"Popa’s subtle and gorgeous second collection (after American Faith) maps the conflicting effects of having “wanted all the world, its beauties,/ and its injuries.” The ecstatic language of these meditations and confessions is animated as much by pain as by joy. Popa, a reviews editor at PW, refuses to disparage the world simply because it does not offer “the good news I had hoped for” and mines childhood for glimmers of hope to light the contemporary darkness with “Full days settled by wildflower and stone.” She also asks for passion and tenderness in love (“Let’s be hungry a little/ while longer. Let’s not hurt each other if we can”) to counter the weight of the pandemic, lifted a little when “Friends fed the day hope/ like a broken fever.” She turns to literature—Milton, Gilgamesh, the Bible—as well as to nature (and even WebMD) for guidance, seeking consolation wherever it may be found. “The wound is where/ the light enters us,” she writes. Indeed, in these pages, the truth of each day is brutal but also beautiful."
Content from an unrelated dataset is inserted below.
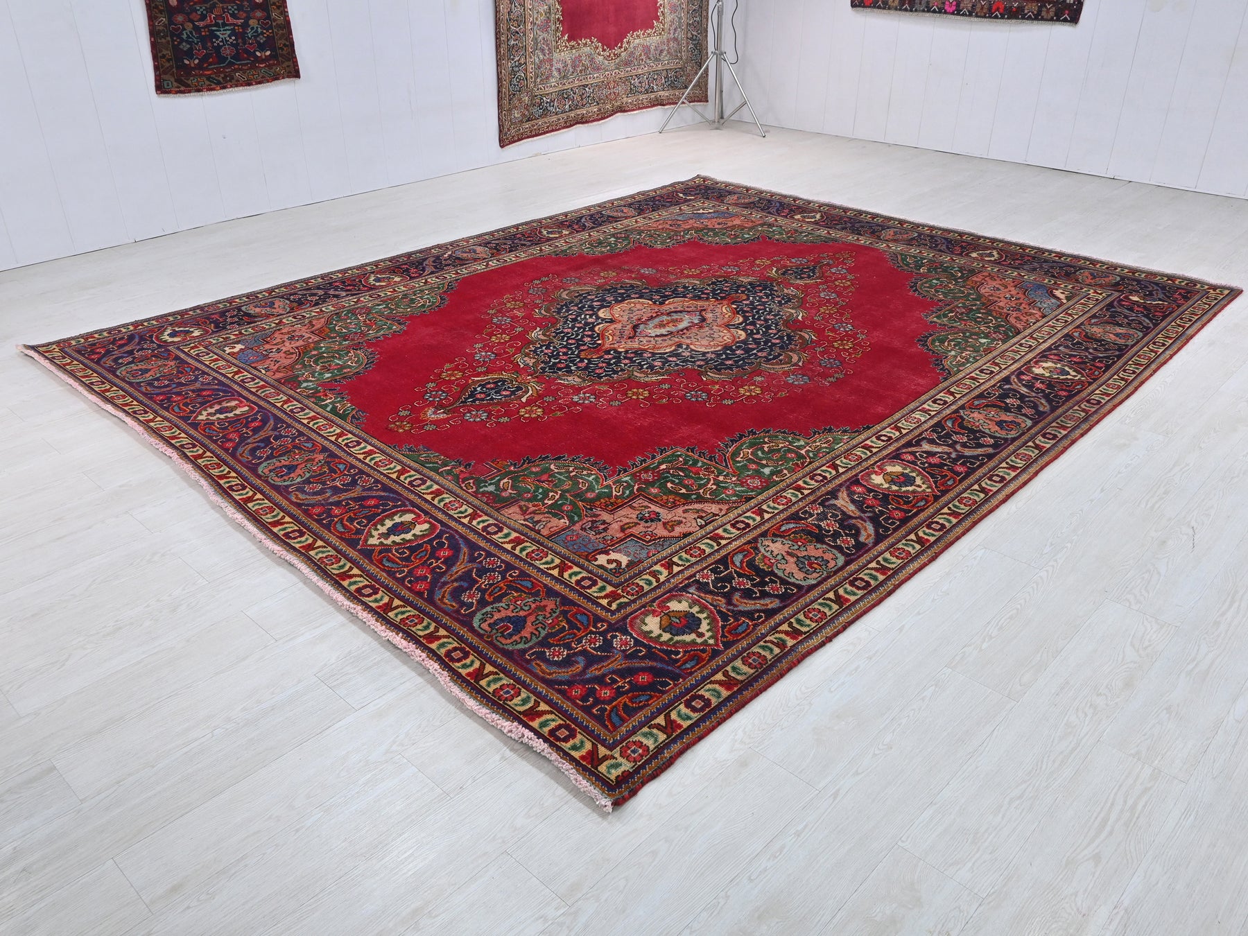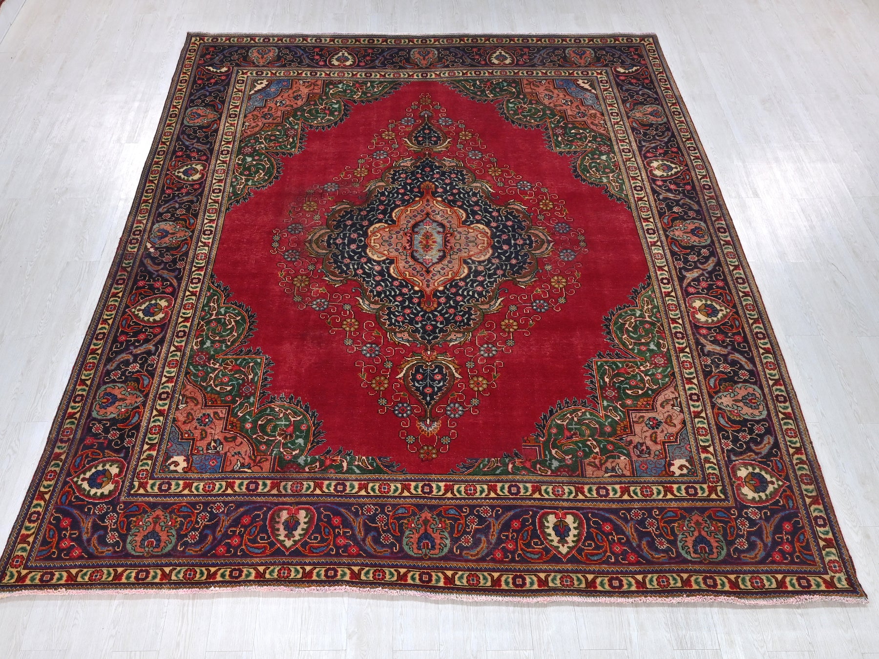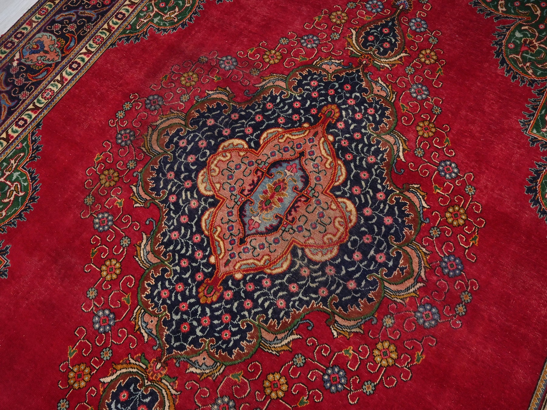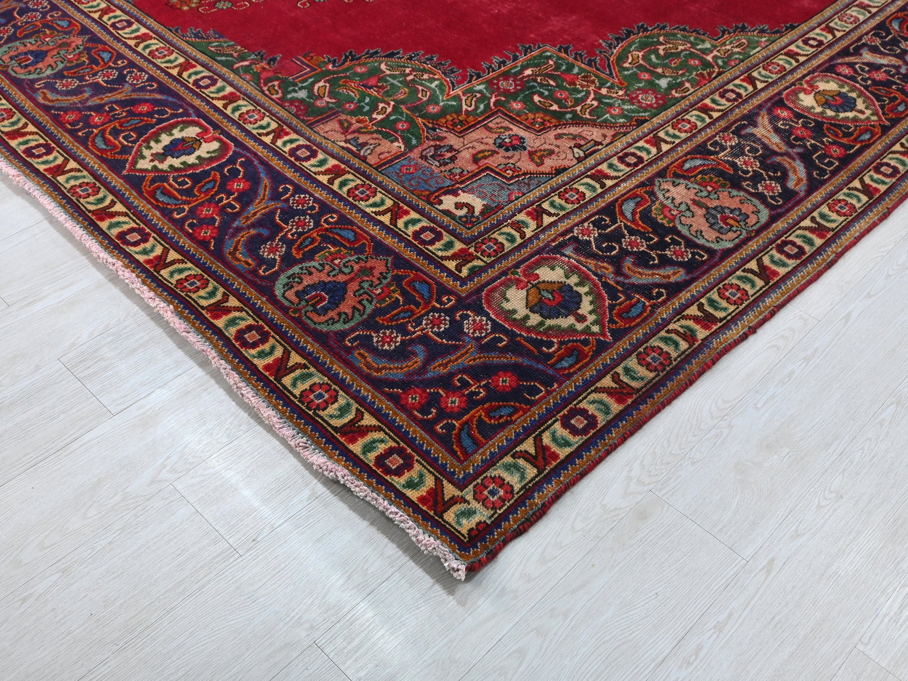 This is a hand-knotted, one-of-a-kind vintage rug. Due to the nature of this piece, there may be slight imperfections in its wear, shape, dimensions, and color. All of our rugs are professionally cleaned and repaired.

―Publishers Weekly, starred review
Wound is the Origin of Wonder showcases Popa’s ability to weave together rich internal reflections with finely wrought observations of the natural world. True to its title, Popa’s collection traces the titular emotion all the way back to its origins, shedding light on the wound so that we may look with wonder on the fuller picture that emerges.
― The Harvard Review
In Wound Is the Origin of Wonder, Popa's elegant and moving exploration of grief and its causes and manifestations is more nuanced than simply observing that loss and living go hand-in-hand.